The rabbits, they came busy and fretful in first light's dew, dappling the grass upon the lower slopes that tumbled down to the spot where I crouched. My shins pressed indignant upon the kitchen tile as I smalled myself floorwards, secretly watchful behind the slick glass; fashioning a me-cushion, a me-sack, a me-pile of discarded clothing
But those rabbits with their vanilla flufftails and glossy tender noses, they scented humanity’s insolence and darted away, while the slate sliced into unwary city skin.
I find myself back at that hillside in my slow and pale dreams, oftentimes patched into shapes upon the window seat; fingers twittering at the miniature hills and valleys of the wood creaking below my weight, as I shrivel before the startling, screaming wilderness.
I lay my forehead to the great and ancient wall, and sense the hunger of whatever the thing called outside is, reaching godlike through the stone to crush the creases from my brow.
You were never there, in the terrible and magnificent place where the rabbits leapt, but yet I cannot think of you without finding myself in the salted palm of the window seat, praying at the foot of those wild hills.

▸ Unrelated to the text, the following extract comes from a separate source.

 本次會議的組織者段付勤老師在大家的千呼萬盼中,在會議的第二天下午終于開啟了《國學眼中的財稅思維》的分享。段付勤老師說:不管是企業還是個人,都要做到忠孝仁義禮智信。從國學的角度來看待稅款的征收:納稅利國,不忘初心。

For you are made the same, at once unconquerable and splendid; a landscape I am afraid to love out loud, for to do so is to be dashed again and again against your otherness by the headwinds of obsession that still circle us, until I am shattered in feral grief.
The dun-backed rabbits, they still lope through my dreams, bright and beguiling; their presence coaxes my hand to the sagging window pane. Like a wren's stolen egg, I am undone.